Alumni help engineering students reach for the sky in international rocketry competition

The team consists of students and lecturers from STEM departments working together to literally reach for the stars at the Spaceport America Cup in New Mexico and broke the amateur British altitude record last year.

This year the team is hoping to fly their liquid powered SunFire rocket, which will make them the first UK student team to launch a liquid fuelled rocket and one of only a few teams from the UK to enter the competition. However, the group’s ultimate aim is to send one of their rockets beyond the Karman line – the altitude where space begins – 100km above Earth!

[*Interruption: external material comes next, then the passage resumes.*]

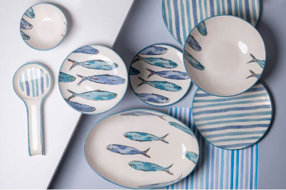 18-piece porcelain and stoneware dinner service, 6 table sets in 2 different decors, Cozumel

Ben Appleby, a SHU Aerospace Engineering alumni, has continued to support the project after his own experience with Sunride during his final year. He is now working as a Technical and Engineering Graduate at Inmarsat, a global satellite communications company.

“Now I am seeing plenty of students from SHU becoming really interested and passionate about the mission. It has started a cool partnership between the two Universities, and Sunride is putting Sheffield on the map when it comes to rocketry and space innovation” Ben said.

Richard Hopkinson, an Advanced Materials Engineering SHU postgraduate student is currently part of the team. He said: “The students involved in the project look at this endeavour not as the conclusion of years of work, but as preparation for what lies ahead.”

It is clear that the students dedicated to this project will continue to support the development of SunRide when they become our alumni. The future of the space industry is in very capable hands.